MRI Superresolution Using Self-Similarity and Image Priors

1Instituto de Aplicaciones de las Tecnologías de la Información y de las Comunicaciones Avanzadas (ITACA), Universidad Politécnica de Valencia, Camino de Vera s/n, 46022 Valencia, Spain
2McConnell Brain Imaging Centre, Montreal Neurological Institute, McGill University, Montreal, Canada H3A 2B4
3Mathématiques et Informatique, Université Paris Descartes, 45 Rue des Saints Pères, 75270 Paris Cedex 06, France
4Department de Matemàtiques i Informàtica, Universitat Illes Balears, Ctra Valldemossa km 7.5, 07122 Palma de Mallorca, Spain

Received 21 April 2010; Accepted 1 October 2010

Academic Editor: Ge Wang

Copyright © 2010 José V. Manjón et al. This is an open access article distributed under the Creative Commons Attribution License, which permits unrestricted use, distribution, and reproduction in any medium, provided the original work is properly cited.

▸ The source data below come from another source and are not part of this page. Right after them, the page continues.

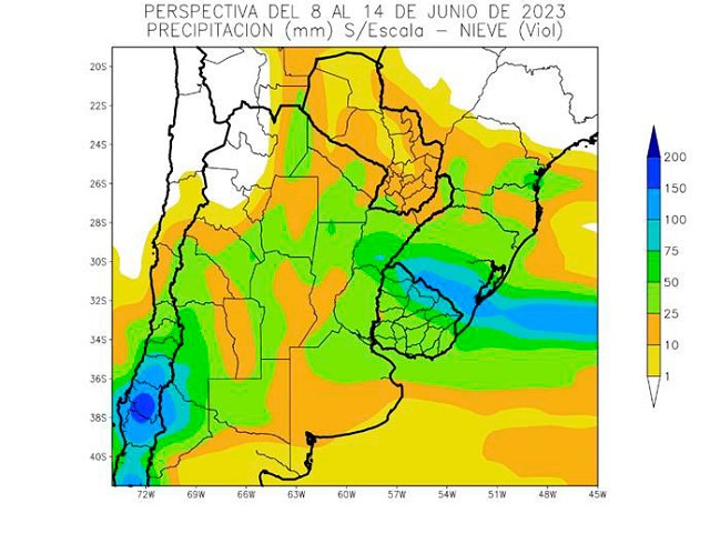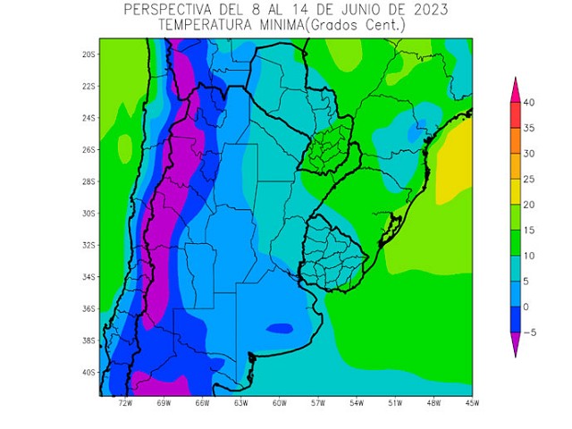 La perspectiva comenzará con vientos del trópico, pero sólo el extremo norte del área agrícola observará temperaturas elevadas, mientras que la mayor parte de su extensión continuará experimentando registros más moderados, pero algo por encima de la media estacional. Paralelamente, se producirá el paso de un frente con moderada a alta actividad, produciendo precipitaciones generales, con focos de gran actividad sobre la Cordillera Sur y el Litoral Fluvial. Paralelamente, se dará la posibilidad de nevadas sobre gran parte del sur y el centro del área agrícola, pero es muy difícil que se concreten. Junto con el paso del frente, se producirá una vigorosa irrupción de vientos polares, produciendo un abrupto descenso térmico, con riesgo de heladas generales en las zonas cordilleranas y en las serranías bonaerenses, y de heladas agronómicas en todo el sur y el centro del área agrícola.
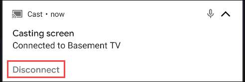 För att sluta kasta din skärm, svepa ner från toppen av skärmen och tryck på "Koppla bort" på den gjutna anmälan.
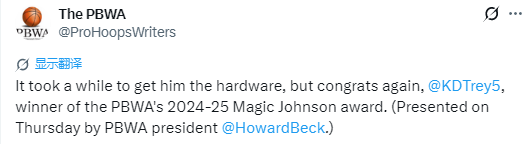 PBWA主席霍华德-贝克表示:“我们非常荣幸能再次将奖项颁给KD。长久以来,他都是联盟中最具思想深度、也最乐于配合采访的球星之一。无论正式的公开采访,还是轻松的闲聊时刻,他总会抽出时间接待记者,从不回避任何话题。不管是拆解某一回合的战术细节,还是探讨联盟面临的宏观议题,他都表现得兴致盎然,对篮球的热爱溢于言表。另外,我们协会成员也十分赞赏杜兰特在疫情后公开呼吁重开球员更衣室的举动,他深知这种采访权限,是搭建球员与记者之间信任与默契的关键所在。”
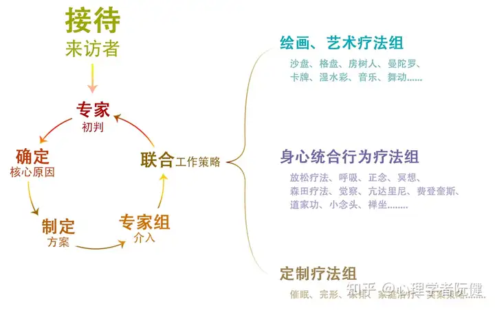 对应不同的程度,心理学均有不同的疗法,就像医生针对病人的症状,有问诊,有检测、有理疗、有手术、有住院等等。
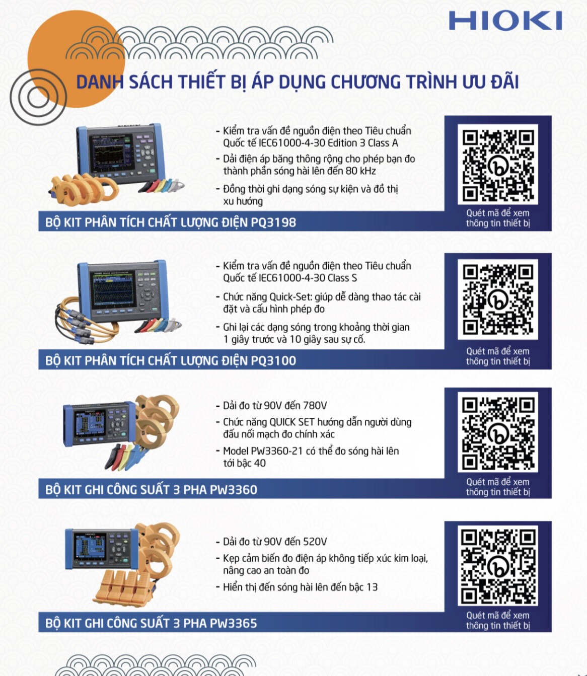 Khi mua 01 Thiết Bị Đo Cầm Tay Thông Minh HIOKI hoặc 01 Thiết bị Ghi Công Suất, Phân Tích Chất Lượng Điện HIOKI, Quý Khách hàng sẽ được tặng một phần quà trị giá từ 600,000 VNĐ.
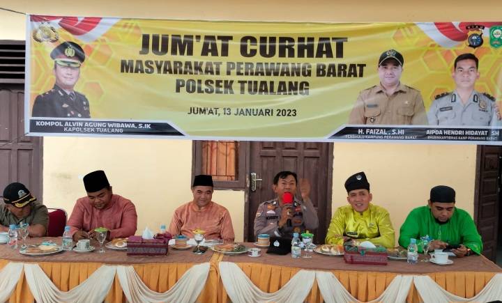 Kapolsek Tualang Kompol Alvin Agung Wibawa SIK melalui Panit Binmas Polsek Tualang Aiptu Robby SE pada giat Jumat Curhat.
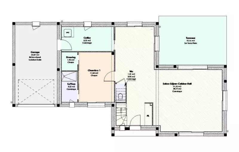 Terrain proposé par un partenaire foncier selon disponibilités et autorisation de publicité au prix de 82 000 €. Hors droit d'enregistrement et frais de notaire. Maison proposée, avec un contrat de construction de maison individuelle, dans le cadre de la loi du 19/12/1990, au prix de 242 900 € (Hors branchements et raccordements, papiers peints, peintures, revêtement de sol dans les chambres, qui sont chiffrés dans les travaux qui restent à charge du client. Tarif modifiable sans préavis). Étiquette énergie : A. Différents modèles disponibles pour ce terrain. Assurances et garanties du constructeur comprises (RC professionnelle, décennale, dommage ouvrage).
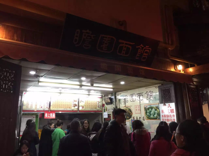 走山走那么累,当然要吃顿好的补一下。今晚本来要去吃大牌档的,但是远在广州的南京朋友大力推荐老门东,于是就果断转场。来到一看,这里就好像巨大版的宽窄巷子,整个风格一如秦淮河风景区,但是主路就没什么饮食店(2015年末),不少店铺还没有商家入驻。细心一找,才在一条小路找到老字号集中处。由于太晚,徐记的鸭子已经卖完,但是有蒋有记已经足够。牛肉锅贴够香、够油、够味道;牛肉汤味够浓;相对牛肉馄饨就一般了,但是配上这里的辣椒油也很不错。吃完再来个詹园面馆的梅花糕,相当满足。
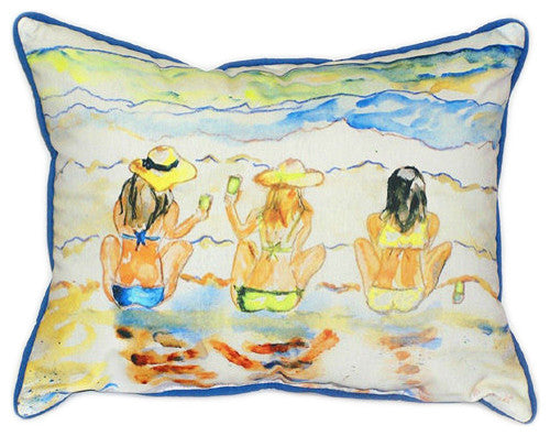 This magnificent pair of Bottoms Up print indoor / outdoor pillows are from Betsy Drake Interiors. Proudly made in the USA, each pillow features a wonderful watercolor print of 3 ladies sharing some cocktails at the beach, based on original artwork by artist Betsy Drake. Each pillow measures 16 inches tall, 20 inches long, has a 100% polyester cover, which resists fading and wear, giving you years of use, and is stuffed with polyester. Recommended care instructions are to spot clean, only.

In Magnetic Resonance Imaging typical clinical settings, both low- and high-resolution images of different types are routinarily acquired. In some cases, the acquired low-resolution images have to be upsampled to match with other high-resolution images for posterior analysis or postprocessing such as registration or multimodal segmentation. However, classical interpolation techniques are not able to recover the high-frequency information lost during the acquisition process. In the present paper, a new superresolution method is proposed to reconstruct high-resolution images from the low-resolution ones using information from coplanar high resolution images acquired of the same subject. Furthermore, the reconstruction process is constrained to be physically plausible with the MR acquisition model that allows a meaningful interpretation of the results. Experiments on synthetic and real data are supplied to show the effectiveness of the proposed approach. A comparison with classical state-of-the-art interpolation techniques is presented to demonstrate the improved performance of the proposed methodology.